While at UCSD, Compeau co-founded Rosalind, an online platform for learning bioinformatics through problem-solving. He also co-instructed the first massive open online course (MOOC) in bioinformatics. Both initiatives have since exploded. Rosalind has reached more than 50,000 people and has been adopted more than 100 times by universities for offline courses. The MOOC has evolved into the bioinformatics specialization on Coursera and its best-selling print companion, "Bioinformatics Algorithms: An Active Learning Approach." The course has been completed by a few thousand learners and used in some way by more than 200,000 people.
With Rosalind and the MOOC under his belt, Compeau joined the Computational Biology Department faculty in 2015.
"What brought me to CMU was the fact that it has a good history of prioritizing teaching-track faculty and seeing the value in them," he said. "It's a rare environment to have an entire department devoted to computational biology, as well as to be a university that prioritizes teaching."
Since arriving in Pittsburgh, Compeau has made substantial contributions to the department. In his role as assistant department head for education, he led the creation of the undergraduate degree in computational biology, which he directs and whose students he advises. It's the only comp bio degree granted from a school of computer science.
"Because SCS is so strong at the undergrad level, we can design a major that simply wouldn't be possible at other places," Compeau said. "Students hit the ground running in math and science here, and it means that we can teach them computational biology at a deep level. And that means we can produce graduates who fill a huge area of need for solving the big biological and medical problems of the 21st century."
Compeau also collaborated with fellow comp bio teaching professor Josh Kangas to develop the first precollege computational biology program in the U.S. The program, slated to begin this summer, will first put students in the lab and then in front of computers to analyze the data they generate. "It's going to be an amazing experience for them," Compeau said.
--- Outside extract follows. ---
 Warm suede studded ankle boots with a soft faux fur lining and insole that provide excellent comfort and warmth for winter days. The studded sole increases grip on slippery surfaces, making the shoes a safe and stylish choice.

Like his young self, grown-up Compeau still believes there's massive room for using automation to improve education. In his own courses, he's implemented a flipped classroom and relies on active learning. No traditional lectures here. Students complete reading assignments in an interactive textbook before the class meeting, and spend in-class time working on challenge problems and answering questions from their peers to cement their learning.
His strategy, while successful, requires a complete rethinking of learning. And it requires student buy-in.
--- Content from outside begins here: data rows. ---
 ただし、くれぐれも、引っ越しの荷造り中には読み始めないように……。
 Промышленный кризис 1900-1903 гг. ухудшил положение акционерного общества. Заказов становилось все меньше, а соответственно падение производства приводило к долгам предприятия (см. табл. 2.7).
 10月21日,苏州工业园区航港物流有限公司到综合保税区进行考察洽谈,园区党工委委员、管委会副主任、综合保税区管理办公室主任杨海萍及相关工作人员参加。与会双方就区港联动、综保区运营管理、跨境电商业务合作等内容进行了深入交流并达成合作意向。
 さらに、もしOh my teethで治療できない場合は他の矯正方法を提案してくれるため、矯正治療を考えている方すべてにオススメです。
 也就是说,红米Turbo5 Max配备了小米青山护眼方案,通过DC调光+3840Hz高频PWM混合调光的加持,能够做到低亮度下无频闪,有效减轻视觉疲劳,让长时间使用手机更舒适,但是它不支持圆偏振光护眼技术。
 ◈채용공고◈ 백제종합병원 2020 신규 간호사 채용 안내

"We indoctrinate students into thinking they can only learn one way," Compeau said. "Teachers are considered the fountain of knowledge, and when that source of wisdom is asking students to solve problems and guiding them to figure out solutions on their own instead. … Well, some people have an allergic reaction to that."
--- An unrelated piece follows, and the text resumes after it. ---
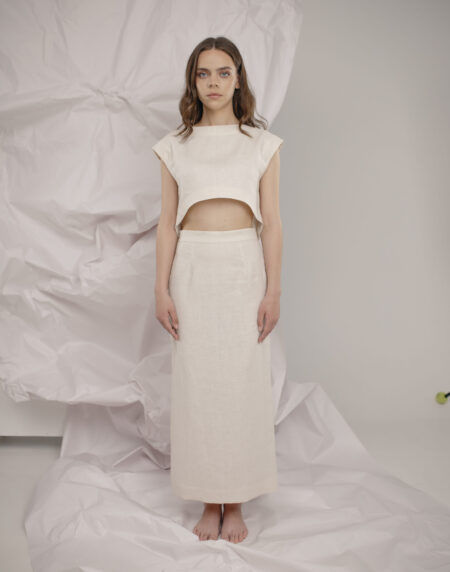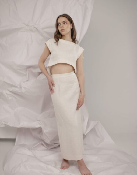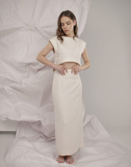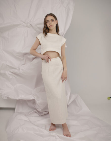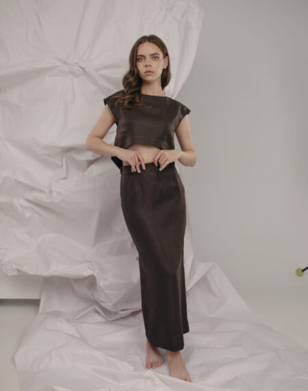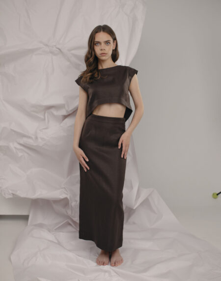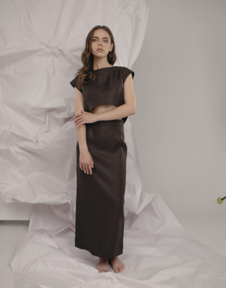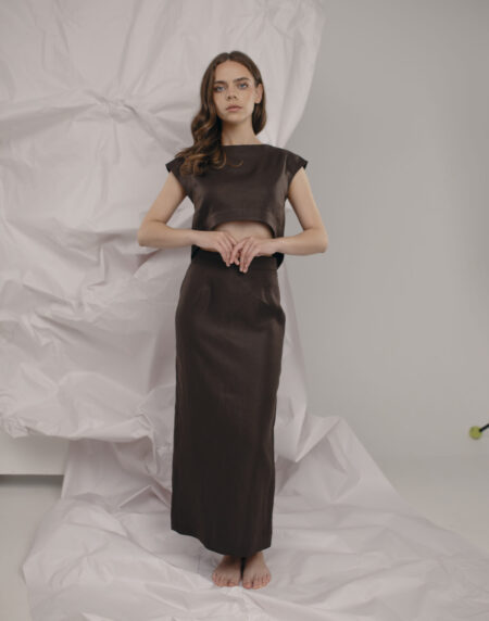 Our High-Waisted Linen Midi Skirt exudes understated elegance, crafted from premium 100% linen in a rich brown tone.

To tame that allergy, Compeau spends the first day of his course selling the format to his students by outlining the weaknesses of traditional lectures, the goals of the course and how the flipped course will benefit them. So far, he's seen positive course evaluations and a significant improvement in test scores.
While he's made great strides toward building a student-centric classroom, Compeau still hasn't created that fantasy school of his first-grade dreams. But he doesn't want to. "Removing the teacher from the picture entirely is a naïve view,” he said. "The modern classroom should find ways to use online materials to improve our teaching — not to replace it." And at Carnegie Mellon, he's happy to have found a cohort of colleagues willing to do whatever it takes to give students the best education possible.
He still, occasionally, plays tennis. These days, though, he's more of a golfer.